Pictures aside, write out the data exactly as it reads.

[Opening Provided data section]

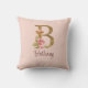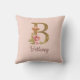 Custom Name Gold Foil Blush Pink Roses Letter B Throw Pillow
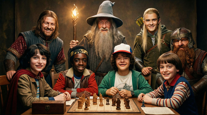 «ДМ Колец» — ретеллинг «Властелина Колец» как описания кампании в D&D 3.5, созданный Шеймусом Янгом в 2006–2007 годах. Ремастер комикса делается детьми автора в память об отце.
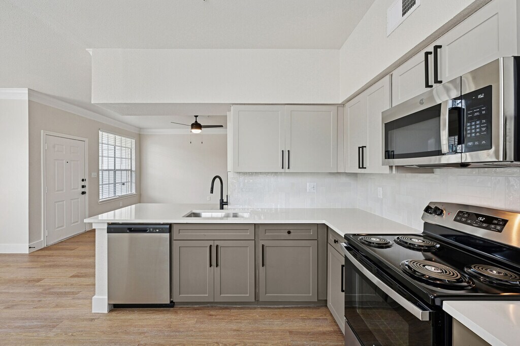 Escape the hustle and bustle of the Houston Metro at Barnett Apartments and unwind with a variety of amenities and apartment features. Our luxury apartment community is located near Houston’s Energy Corridor and features homes with one or two bedrooms. Residents enjoy the best amenities, location and friendly staff you’ll find. Our spacious apartments feature floor plans with one or two bedrooms. Enjoy private patios or balconies with gorgeous views, vaulted ceilings and so much more. Our homes have been recently renovated and feature perks like oversized tubs, standalone dining areas, wood-style flooring, full-size washers and dryers, sleek hardware and walk-in closets. Optional enhancements include tile backsplashes, stainless steel appliances, quartz countertops and more. From a 24-hour fitness center to a sparkling swimming pool and grilling stations, Barnett Apartments has it all. Residents of our luxury apartments in Houston also enjoy a lounge with coffee bar, tennis courts, business center, parcel lockers, reserved carports and community events. Our staff and maintenance team are your ally in maximizing your time at our West Houston apartments. Our location makes life easy, with nearby highways like I-10 and Beltway 8. We’re in close proximity to parks and outdoor attractions like Bill Archer Park, Addicks Reservoir, Terry Hershey Park Hike and Bike Trail, Lakeside Country Club, Freedom Park, Exploration Park and Bear Creek Pioneers Park. As for dining, top-rated restaurants like Fadi's Mediterranean Grill and Brenner's Steak House are just around the corner. Your everyday needs are right around the corner. We allow up to two pets per apartment, welcoming most breeds, and we have a dog park with an agility course. Schedule a tour of Barnett Apartments today!
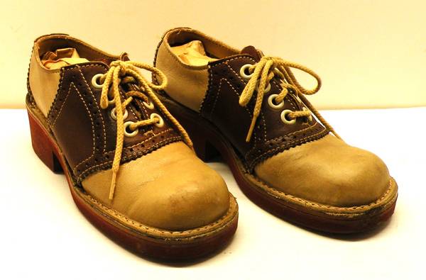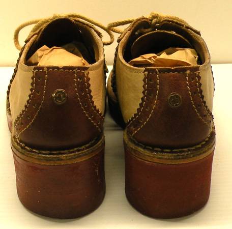 1960's Tacks by BASS / Brown and Beige Saddle Shoes Size 6.5 - 7 / 2" Heel
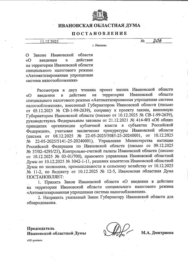 Постановление Ивановской областной Думы от 11.12.2025 N 206 "О Законе Ивановской области "О введении в действие на территории Ивановской области специального налогового режима "Автоматизированная упрощенная система налогообложения"
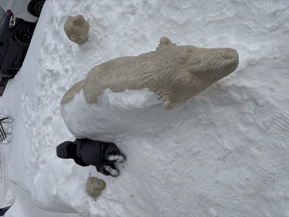 The image displays an outdoor winter scene in Izhevsk, Russia, under overcast lighting conditions with extensive snow cover on the ground. A large, light-colored sculpture of a polar bear, partially encrusted with snow, occupies the central and right portions of the foreground, oriented with its head facing towards the upper right. The sculpture exhibits a textured surface resembling fur. To the immediate left of this sculpture, a young child dressed in a grey and black patterned winter snowsuit with a hood is positioned on their hands and knees, facing away from the camera. The child's black boots with visible treads are prominent. Two smaller, light-colored animal head sculptures, also partially covered by snow, are visible: one situated to the left of the child's position and another further back to the right, behind the main polar bear sculpture. In the upper right background, several parked vehicles, including at least two dark-colored cars and one lighter-colored vehicle, are visible along a snow-lined roadway or parking area. A dark, angular metal structure is partially visible in the upper left background, behind a bank of snow.
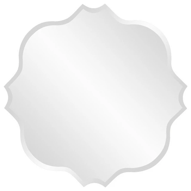 This frameless mirror is just that: all mirror – no frame! the shape of the glass is square with fancy, rounded and scalloped edges and corners. It is beveled enhancing its simplistic beauty and style. Its sleek style makes this mirror a favorite for bringing some flair to your decor. This simple yet stunning piece would be a great addition to any room. It is a perfect focal point for an entryway, bathroom, bedroom or any room in your home. D-rings are affixed to the back of the mirror so it is ready to hang right out of the box!
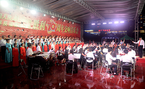 9月2日晚上,郴州市纪念中国人民抗日战争暨世界反法西斯战争胜利70周年交响音乐会在五岭广场举行,图为音乐会现场。(记者 陈建平 摄)
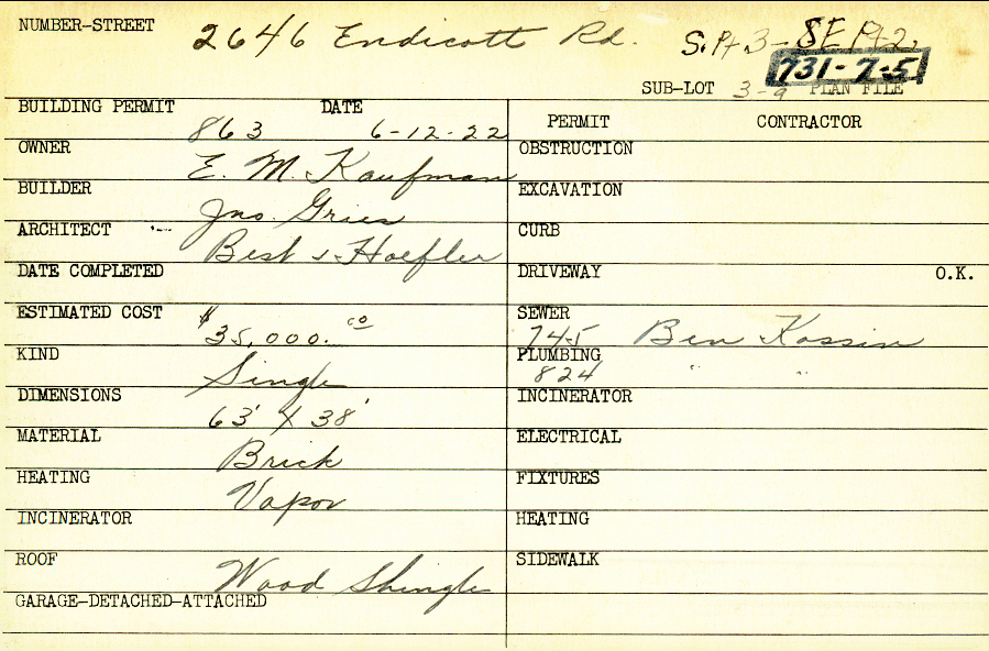 2646 Endicott Road Shaker Heights, OH 44120 PARCEL ID: 731-07-005 Building Permit Date: 06-12-1922 Plan File Number: 0 Neighborhood: Boulevard Owner: Kaufmann, E. M. Builder: Gries, John Architect: Best and Hoefler Estimated Cost: 35000 Kind: Single, Single Residence or Dwelling Material: Brick Heating: Vapor Roof: Wood Shingle |

[Closing Provided data section]

### Completed task
 Custom Name Gold Foil Blush Pink Roses Letter B Throw Pillow
 «ДМ Колец» — ретеллинг «Властелина Колец» как описания кампании в D&D 3.5, созданный Шеймусом Янгом в 2006–2007 годах. Ремастер комикса делается детьми автора в память об отце.
 Escape the hustle and bustle of the Houston Metro at Barnett Apartments and unwind with a variety of amenities and apartment features. Our luxury apartment community is located near Houston’s Energy Corridor and features homes with one or two bedrooms. Residents enjoy the best amenities, location and friendly staff you’ll find. Our spacious apartments feature floor plans with one or two bedrooms. Enjoy private patios or balconies with gorgeous views, vaulted ceilings and so much more. Our homes have been recently renovated and feature perks like oversized tubs, standalone dining areas, wood-style flooring, full-size washers and dryers, sleek hardware and walk-in closets. Optional enhancements include tile backsplashes, stainless steel appliances, quartz countertops and more. From a 24-hour fitness center to a sparkling swimming pool and grilling stations, Barnett Apartments has it all. Residents of our luxury apartments in Houston also enjoy a lounge with coffee bar, tennis courts, business center, parcel lockers, reserved carports and community events. Our staff and maintenance team are your ally in maximizing your time at our West Houston apartments. Our location makes life easy, with nearby highways like I-10 and Beltway 8. We’re in close proximity to parks and outdoor attractions like Bill Archer Park, Addicks Reservoir, Terry Hershey Park Hike and Bike Trail, Lakeside Country Club, Freedom Park, Exploration Park and Bear Creek Pioneers Park. As for dining, top-rated restaurants like Fadi's Mediterranean Grill and Brenner's Steak House are just around the corner. Your everyday needs are right around the corner. We allow up to two pets per apartment, welcoming most breeds, and we have a dog park with an agility course. Schedule a tour of Barnett Apartments today!
 1960's Tacks by BASS / Brown and Beige Saddle Shoes Size 6.5 - 7 / 2" Heel
 Постановление Ивановской областной Думы от 11.12.2025 N 206 "О Законе Ивановской области "О введении в действие на территории Ивановской области специального налогового режима "Автоматизированная упрощенная система налогообложения"
 The image displays an outdoor winter scene in Izhevsk, Russia, under overcast lighting conditions with extensive snow cover on the ground. A large, light-colored sculpture of a polar bear, partially encrusted with snow, occupies the central and right portions of the foreground, oriented with its head facing towards the upper right. The sculpture exhibits a textured surface resembling fur. To the immediate left of this sculpture, a young child dressed in a grey and black patterned winter snowsuit with a hood is positioned on their hands and knees, facing away from the camera. The child's black boots with visible treads are prominent. Two smaller, light-colored animal head sculptures, also partially covered by snow, are visible: one situated to the left of the child's position and another further back to the right, behind the main polar bear sculpture. In the upper right background, several parked vehicles, including at least two dark-colored cars and one lighter-colored vehicle, are visible along a snow-lined roadway or parking area. A dark, angular metal structure is partially visible in the upper left background, behind a bank of snow.
 This frameless mirror is just that: all mirror – no frame! the shape of the glass is square with fancy, rounded and scalloped edges and corners. It is beveled enhancing its simplistic beauty and style. Its sleek style makes this mirror a favorite for bringing some flair to your decor. This simple yet stunning piece would be a great addition to any room. It is a perfect focal point for an entryway, bathroom, bedroom or any room in your home. D-rings are affixed to the back of the mirror so it is ready to hang right out of the box!
 9月2日晚上,郴州市纪念中国人民抗日战争暨世界反法西斯战争胜利70周年交响音乐会在五岭广场举行,图为音乐会现场。(记者 陈建平 摄)
 2646 Endicott Road Shaker Heights, OH 44120 PARCEL ID: 731-07-005 Building Permit Date: 06-12-1922 Plan File Number: 0 Neighborhood: Boulevard Owner: Kaufmann, E. M. Builder: Gries, John Architect: Best and Hoefler Estimated Cost: 35000 Kind: Single, Single Residence or Dwelling Material: Brick Heating: Vapor Roof: Wood Shingle |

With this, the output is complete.